If that's an accurate representation of what happened, that sounds like a shitty union that's insufficiently understanding of the reality that efficiencies improve the bottom line in ways that workers can benefit from, too. Maybe, then, one should engage in that dreaded politics and make it better--because on the flip side, "personal agency" for a worker is just as likely to be "RTO and work late and no raises this year".

Only outliers ever win by atomization--and as somebody with a track record of being an outlier and operating successfully in atomized environments, I'd certainly rather not have my entire technical career be a high-wire act because companies can get away with it!

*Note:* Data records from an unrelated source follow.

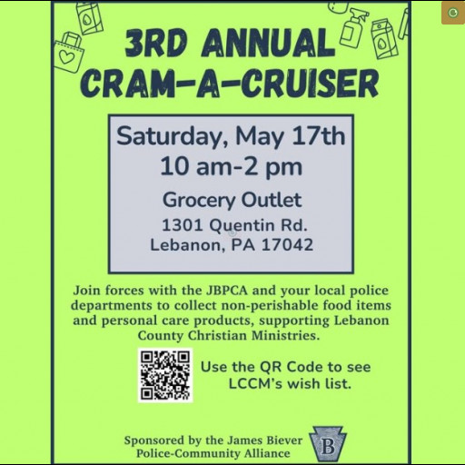 Third annual Cram-A-Cruiser – The James Biever Police-Community Alliance and local police departments are asking for donations of nonperishable food items and personal care products to support Lebanon County Christian Ministries. The event will take place from 10 a.m. to 2 p.m. Saturday, May 17, at the Grocery Outlet, 1301 Quentin Road, Lebanon. Visit the James Biever Police-Community Alliance for more information.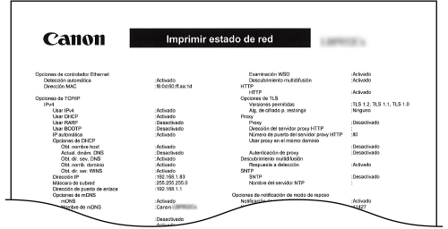 Puede verificar las opciones sobre la red configurada en el equipo (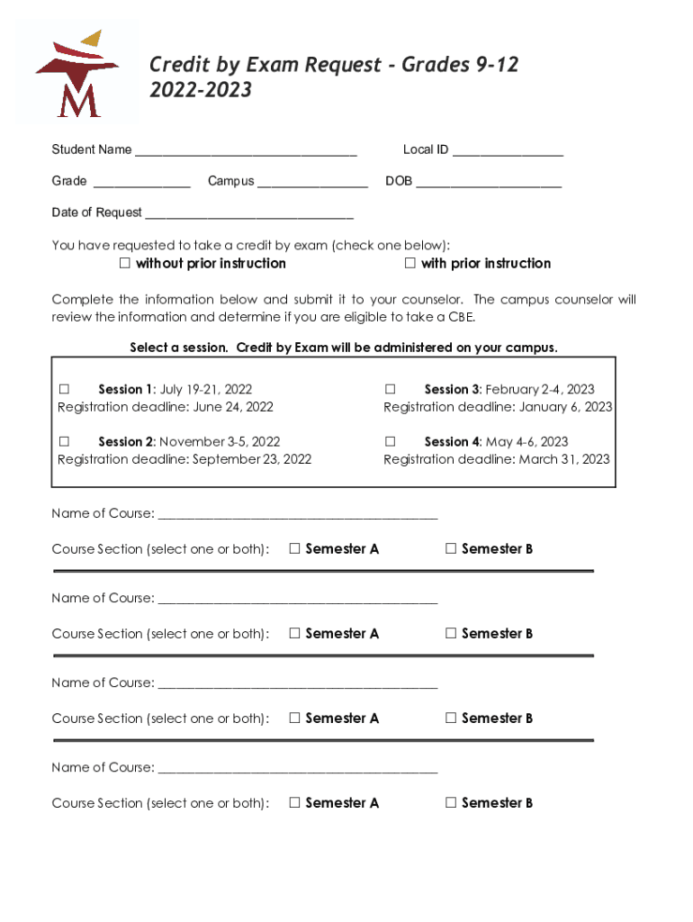 Credit by Exam Request Grades 912 20222023 Student Name ___ Grade ___Campus ___Local ID ___ DOB ___Date of Request ___ You have requested to take a credit by exam (check one below): without prior

I do not know what RTO is, but her union is certainly shitty - and still doesn't give raises. And your advice of "in addition to taking on the job of training these artists, and doing extra work to integrate with their sub-par assets, you should take on the job of a politician too, then you'd see how great unions are!" doesn't really gel. Some people want to just have a conversation with their boss about what work they want, not take up three new jobs they don't want because "The Guild" gave them a shitty contract.


I'm just trying to understand why on earth you wrote "gang up" here.

The corporation has an HR department. Usually, this consists of more than one person. The corporation has a hell of a lot more money, legal resources, (money is speech, my friend) and so on than you do. Why isn't it obvious... the most natural thing in the world... That you would also want more than just you on your side?

This is like saying "why did you join an army instead of just fighting the bad guys single-handed?"

I must be missing something here, because you said this and everybody just went along with it like "oh yeah why would we do that? when this seems like asking "Why did you start a company with your friend to gang up on that new project you guys were talking about instead of just doing it yourself?" Totally, completely confused.


I've been lucky, I guess. I've never felt like I was working for the "bad guys."


As usual, the anti-union argument on HN is "The rest of you shouldn't put up lion defenses to protect you because I'm strong enough to fight off a lion and the fences would just get in my way".

Hopefully for you, your luck holds, and you never get ill/weak/sick/unable to fight lions. Like everyone else does eventually.


(Shrug) The site is run by a VC fund, and is intentionally (but increasingly ineffectively) geared towards an audience of people interested in, or actively working on, startup companies. Is this really the best place to sell the whole "dark Satanic mills" schtick?